(Supplied entries begins)
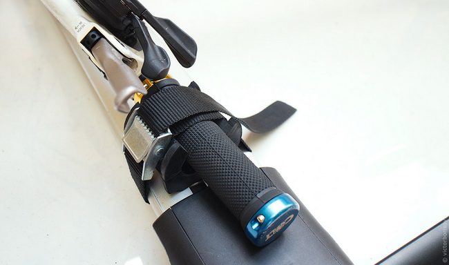 10. Теперь берем наши крепежные ремни и фиксируем руль, обмотав ремень вокруг поперечины. Для удобства использования я обрезал два ремня до длины 40 см вместо штатных 2,5 метров. Напомню, что подобные крепежные ремни рассчитаны на нагрузку в 75 килограмм, а у нас их целых 3 штуки и они держат велосипед со средним весом 15 килограмм. Надежность же всего крепления определяется теперь лишь прочностью фиксации самих поперечин к рейлингам, в отличие от серийных велосипедных багажников, где велосипед устанавливается вертикально и от падения вбок его держит только одна палка, закрепленная за нижнюю трубу рамы.
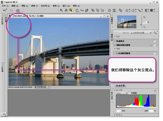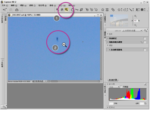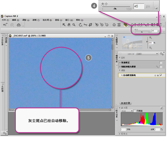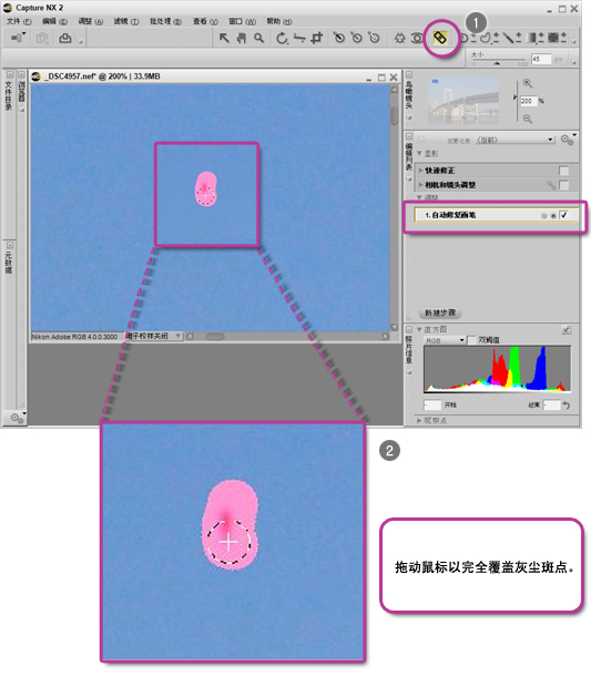 使用 Capture NX 2 中的自动修复画笔,可以轻松除去影像中的灰尘斑点或异物。
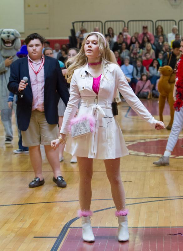 The Bulldogs Mascot holds up Senior Kate Marsden an antagonist from the seniors High School Musical Skit. Photo by: Andrew Griffith.
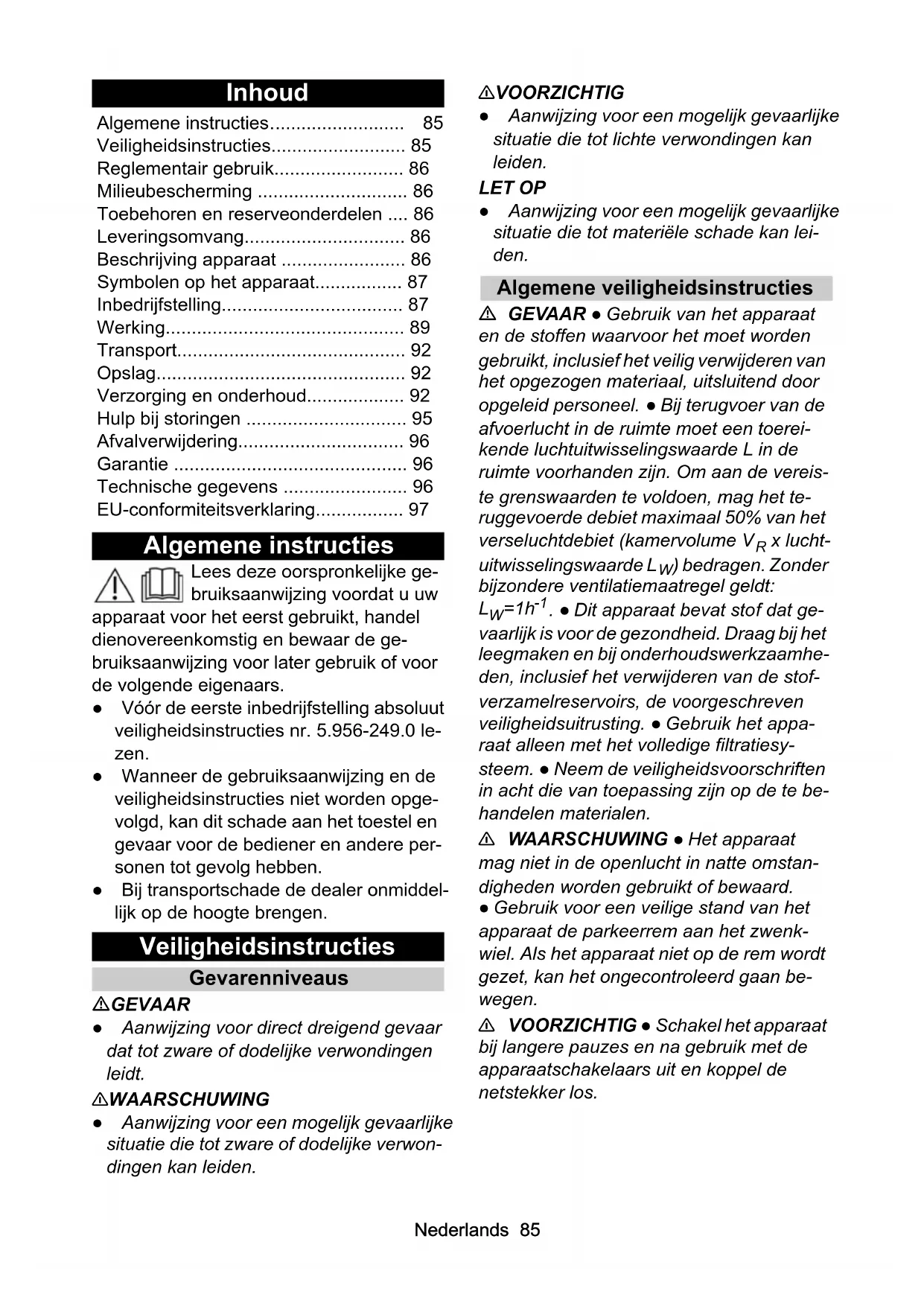 Comprimento do cabo m 10Nederlands 85 Inhoud Algemene instructies Lees deze oorspronkelijke ge- bruiksaanwijzing voordat u uw apparaat voor het eerst gebruikt, handel dienovereenkomstig en bewaar de ge- bruiksaanwijzing voor later gebruik of voor de volgende eigenaars. ● Vóór de eerste inbedrijfstelling absoluut veiligheidsinstructies nr. 5.956-249.0 le- zen. ● Wanneer de gebruiksaanwijzing en de veiligheidsinstructies niet worden opge- volgd, kan dit schade aan het toestel en gevaar voor de bediener en andere per- sonen tot gevolg hebben. ● Bij transportschade de dealer onmiddel- lijk op de hoogte brengen. Veiligheidsinstructies Gevarenniveaus GEVAAR ● Aanwijzing voor direct dreigend gevaar dat tot zware of dodelijke verwondingen leidt. 몇 WAARSCHUWING ● Aanwijzing voor een mogelijk gevaarlijke situatie die tot zware of dodelijke verwon- dingen kan leiden. 몇 VOORZICHTIG ● Aanwijzing voor een mogelijk gevaarlijke situatie die tot lichte verwondingen kan leiden. LET OP ● Aanwijzing voor een mogelijk gevaarlijke situatie die tot materiële schade kan lei- den. Algemene veiligheidsinstructies GEVAAR ● Gebruik van het apparaat en de stoffen waarvoor het moet worden gebruikt, inclusief het veilig verwijderen van het opgezogen materiaal, uitsluitend door opgeleid personeel. ● Bij terugvoer van de afvoerlucht in de ruimte moet een toerei- kende luchtuitwisselingswaarde L in de ruimte voorhanden zijn. Om aan de vereis- te grenswaarden te voldoen, mag het te- ruggevoerde debiet maximaal 50% van het verseluchtdebiet (kamervolume V
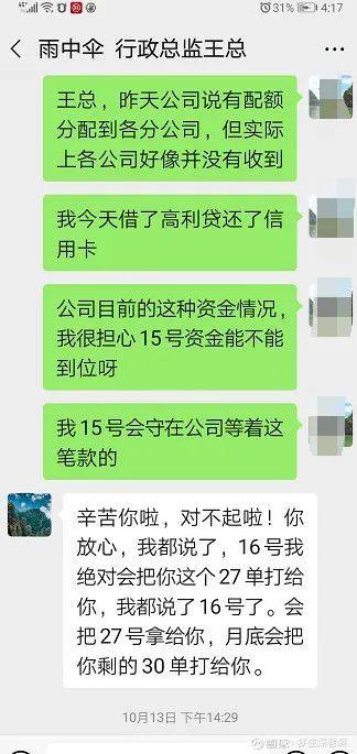 据相关人士透露:“今年9月18号开始佣金兑付出现异常,由开始的晚一天兑付到现在一直迟迟未能兑付,在目前为止已经有一个多月未能兑付佣金了,撤单也不能撤,子公司先前称账户转账限额暂时无法兑付,然后又说账户被封为由未能兑付。”
(Supplied entries ends)
◆ **Exercise details**: In the entries above, find the line that contains "使用 Capture NX 2 中的自动修复画笔,可以轻松除去影像中的灰尘斑点或异物。" and the line that contains "The Bulldogs Mascot". Reproduce exactly those two lines and every line between them, but not the pictures.

◆ **Answer for the task**:
 使用 Capture NX 2 中的自动修复画笔,可以轻松除去影像中的灰尘斑点或异物。
 The Bulldogs Mascot holds up Senior Kate Marsden an antagonist from the seniors High School Musical Skit. Photo by: Andrew Griffith.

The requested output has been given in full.